That delicious aroma hits your nose – the charred smell of meat smoking over a wood fire. Your mouth starts watering. The BBQ sauce options dance before your eyes. This is heaven on earth.
But you’ve only ever had someone else’s smoked meats. And this year, you’ve decided it’s time to make your own. But where do you start?
What is Meat Smoking?
Smoking meat is basically the art of grilling over a lower temperature burn for a longer period of time. Usually this grilling is going to be over a temperature of 200 to 250 degrees, and, generally it’s going to be over charcoal or wood, though gas can be used. And this is done through indirect heat, rather than that flame we’re used to on regular grilling experiences.
What’s the Difference between Smoking, Grilling, and Barbecuing?
A pretty direct way of looking at it is that grilling is done in a matter of minutes, barbecuing will take hours, and smoking could actually take up to two weeks.

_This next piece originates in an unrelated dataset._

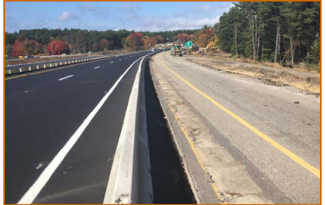
NB TRAFFIC SHIFT AT EXIT 4
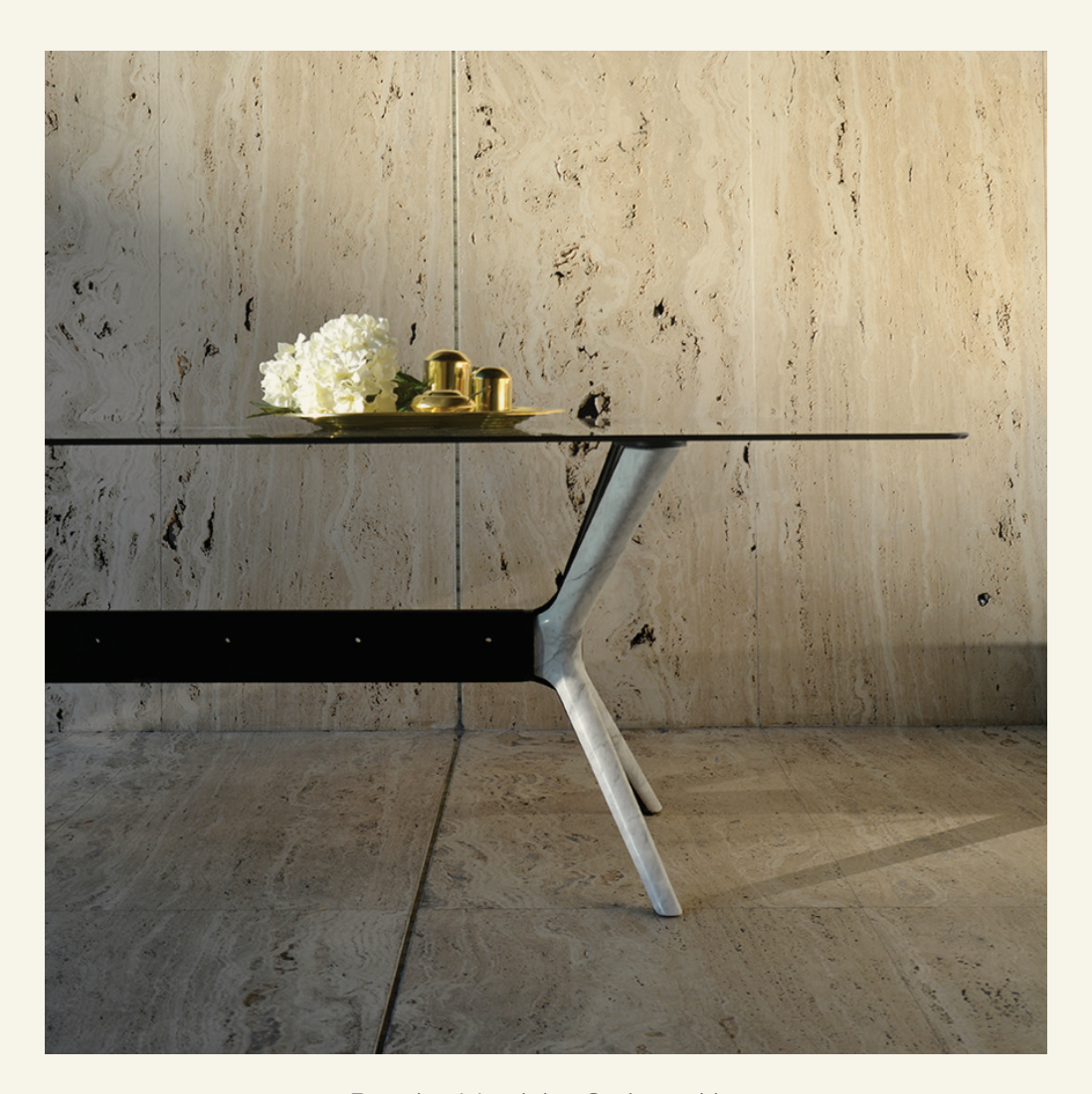
Roots Marble Calacatta

Grilling is what we do for a backyard party, generally. This process is designed to char the outside of the meat, vegetables, fish or even fruit that we cook over the open flame. The temperatures for grilling are the highest of the three, which is why it takes the least amount of time to cook. Grilling seals in the flavors, but only the outside of the food is ever exposed to smoke.
Barbecuing is done at lower temperatures, usually taking several hours longer than grilling. In this process, the meat is basically cooked with smoke. This method uses indirect heat, usually produced by charcoal or wood chips. Both barbecued and grilled can be eaten immediately after cooking. Generally, when you hear the term “smoking” of meats in the non-commercial sense, you’re talking about barbecuing.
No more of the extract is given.